WHAT IS EXPECTED: Every entry in the data is to be written out exactly; no picture belongs in the copy.

(Extracted records)
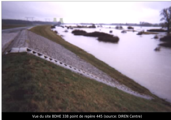
Vue du site BDHE 338 point de repère 445
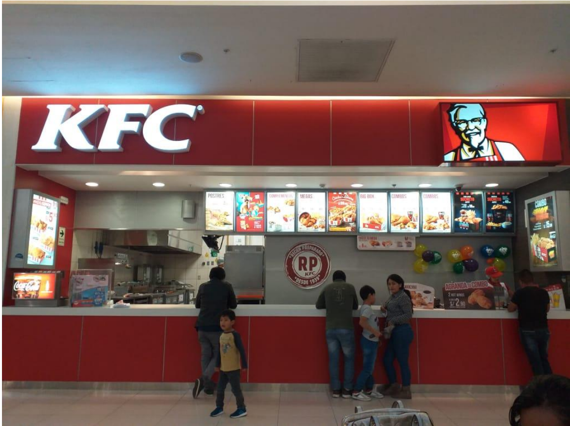
KFC 118 – OPEN PLAZA
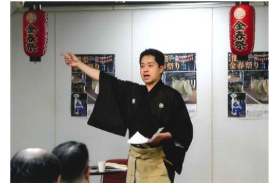
昨年の様子 講演『金春祭りと春日若宮おん祭り』
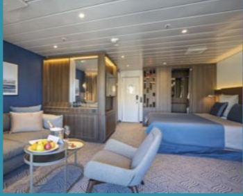
2-Bett-Suite, Balkon, Lido-Deck (Kat. V)
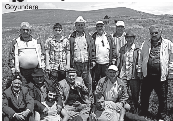
(Өввәли өтән сәјымызда)

Kadir Gecesi 26 / 27 Ağustos 2012 Salı'yı Çarşambaya Bağlayan Gece 19 AĞUSTOS PAZAR RAMAZAN BAYRAMININ 1. GÜNÜDÜR. Bayram Namazı 07:00
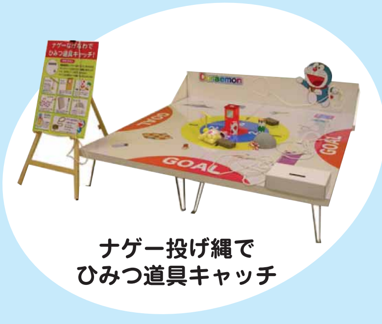
ナゲー投げ縄で ひみつ道具キャッチ
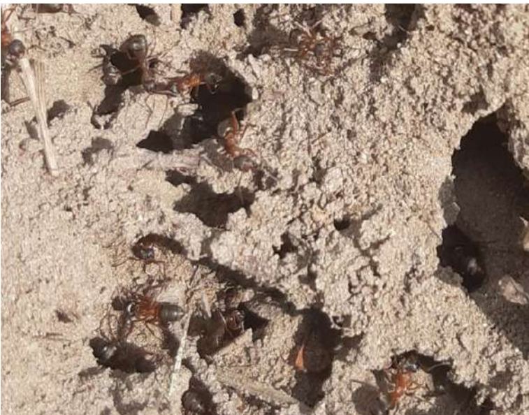
Foto 30 Ameisenbau, 11.06.2025

SOLVED EXERCISE:
Vue du site BDHE 338 point de repère 445
KFC 118 – OPEN PLAZA
昨年の様子 講演『金春祭りと春日若宮おん祭り』
2-Bett-Suite, Balkon, Lido-Deck (Kat. V)
(Өввәли өтән сәјымызда)

Kadir Gecesi 26 / 27 Ağustos 2012 Salı'yı Çarşambaya Bağlayan Gece 19 AĞUSTOS PAZAR RAMAZAN BAYRAMININ 1. GÜNÜDÜR. Bayram Namazı 07:00
ナゲー投げ縄で ひみつ道具キャッチ
Foto 30 Ameisenbau, 11.06.2025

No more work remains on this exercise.